Apophis sentit Thot s'appuyer sur ses épaules. C'était la fin. Il serait envoyé au pays de Thot. Néanmoins, Apophis partait le cœur léger. Il serait avec son vieil ami. Il n'y avait rien pour lui dans le monde des vivants.
Le dieu scribe glissait une main sur la joue d'Apophis, caressant ses écailles sous ses yeux clos.
«- Toi aussi tu es magnifique… »
Apophis était pour Thot l'être le plus beau qu'il ait eu à rencontrer bien loin de l'image de monstre des ténèbres qui le suivait. Seul le dieu lunaire savait à quoi ressemblait vraiment Apophis, il était le seul à voir à quel point il était beau.
Thot déposa dans une douceur si délicate que Apophis crut à une pétale de fleur glissant sur lui, ses lèvres sur les siennes. Le serpent fit teinter ses chaînes lorsqu'il déposa l'une de ses mains sur la hanche de son vieil ami sans comprendre le sens du baiser. C'était si doux qu'il ne se sentit pas transporté dans une autre réalité.
Ce fut lorsque Thot rompit le contact de leurs lèvres, qu'il put voir qu'ils étaient à présent devant les portes du royaume du dieu lunaire. Ils étaient sur une stèle en pierre blanche flottante, entouré d'une sphère reproduisant un Soleil couchant. Leur seul point de sortie - ou d'entrée - était d'immenses portes en bois clair portant le sceau de Thot : un croissant de Lune en or sur chacune d'elles.
«- C'est donc cela le baiser de la Lune… Constata le serpent noir en ôtant sa main du corps de Thot.
– Evidemment. Pourquoi penses-tu que je t'ai embrassé ?
– Par envie ? Fit Apophis en souriant à son ami dévoilant ses canines pointues.
– Ne sois pas stupide. Pourquoi t'aurais-je récompensé d'un baiser après ce que tu as fait aux autres ? Il faut le mériter.
– Si je le mérite, tu m'embrasseras à nouveau ?

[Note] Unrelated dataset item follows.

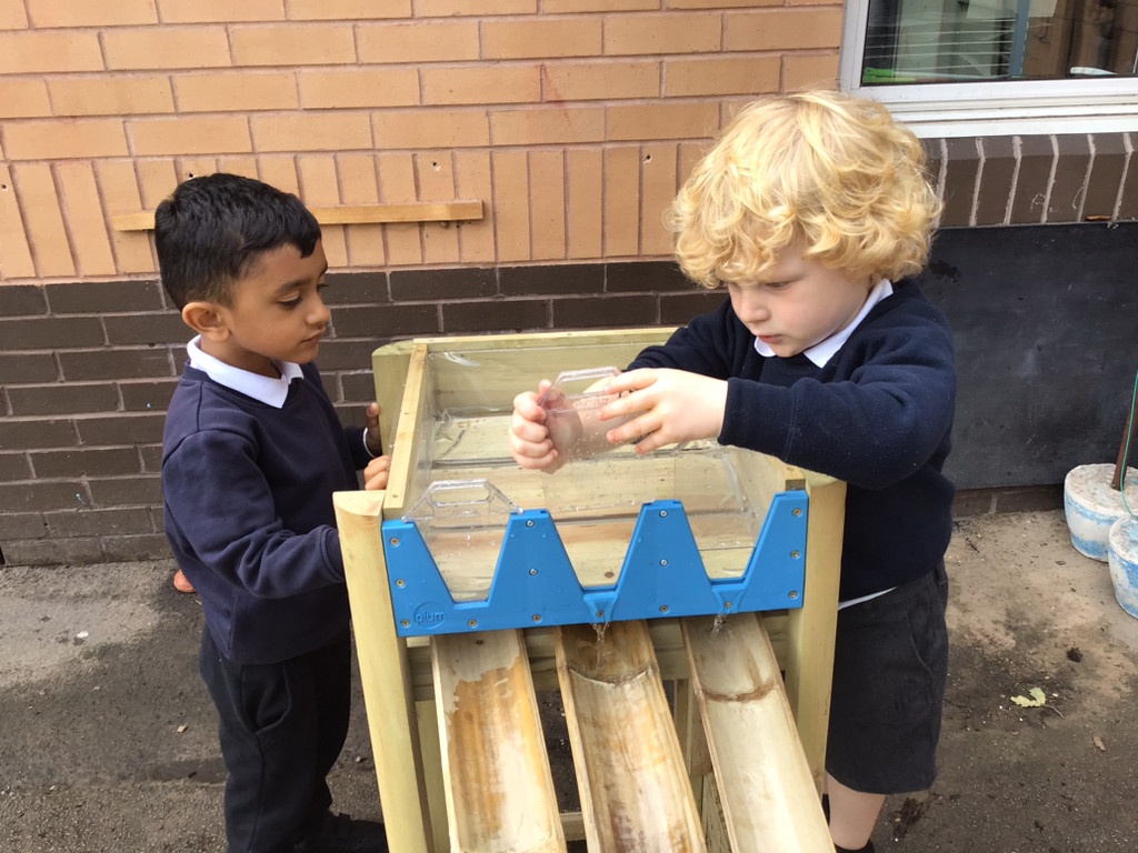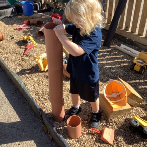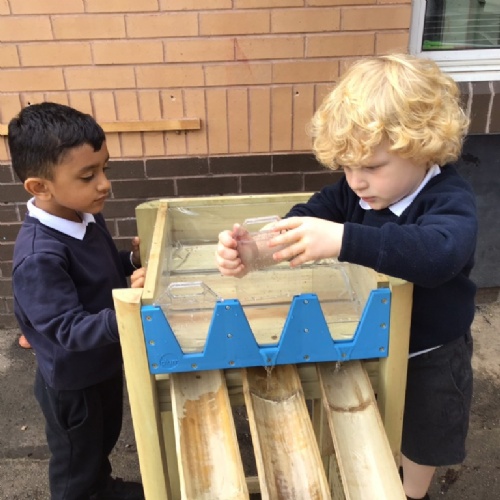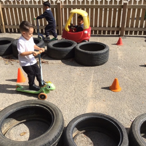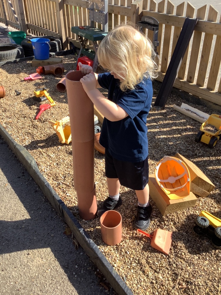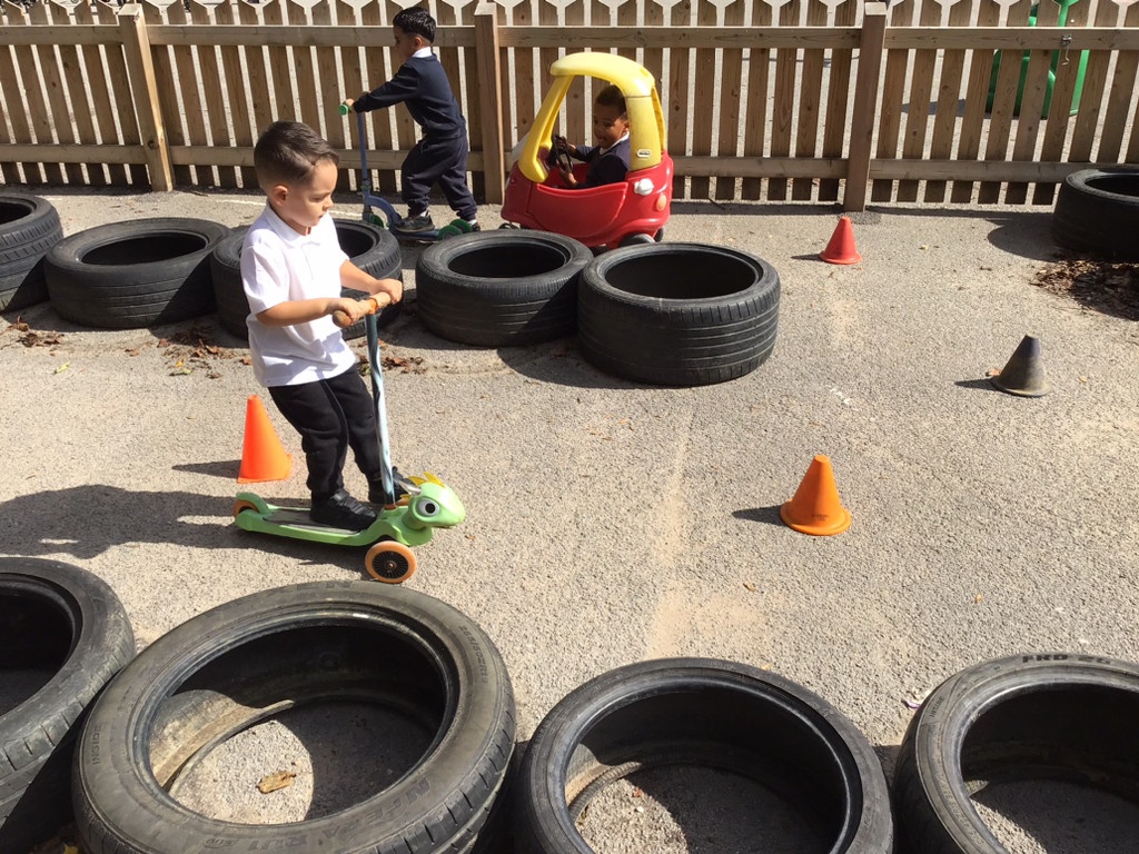 The children have access to our outdoor area all year round. This is a space where they can enjoy activities that they may not be able to do inside such as digging, den building and bike riding. We also use other spaces around school such as the sensroy garden, field and huge sandpit.

– Je te retrouve bien là Apophis. Sourit à son tour Thot, heureux de retrouver le côté taquin du serpent noir. Je t'embrasserai quand tu seras digne de recevoir un baiser de ma part.
– J'ai hâte d'obtenir un vrai baiser de la part du dieu de la Lune. »
Thot leva les yeux au ciel avant de se lever quittant la proximité du corps d'Apophis. Avant qu'Atum-Ra ne naisse, Apophis et lui étaient si proches qu'il en était tombé amoureux. Puis le serpent noir a sombré dans ses ténèbres. Mais maintenant qu'il l'avait retrouvé, son ami qui lui était si cher, Thot pu constater qu'il était toujours aussi faible devant Apophis. Le dieu des ténèbres était sa plus grande faiblesse.
Thot ouvrit ensuite les portes lunaires, dévoilant à son vieil ami le royaume de la Lune.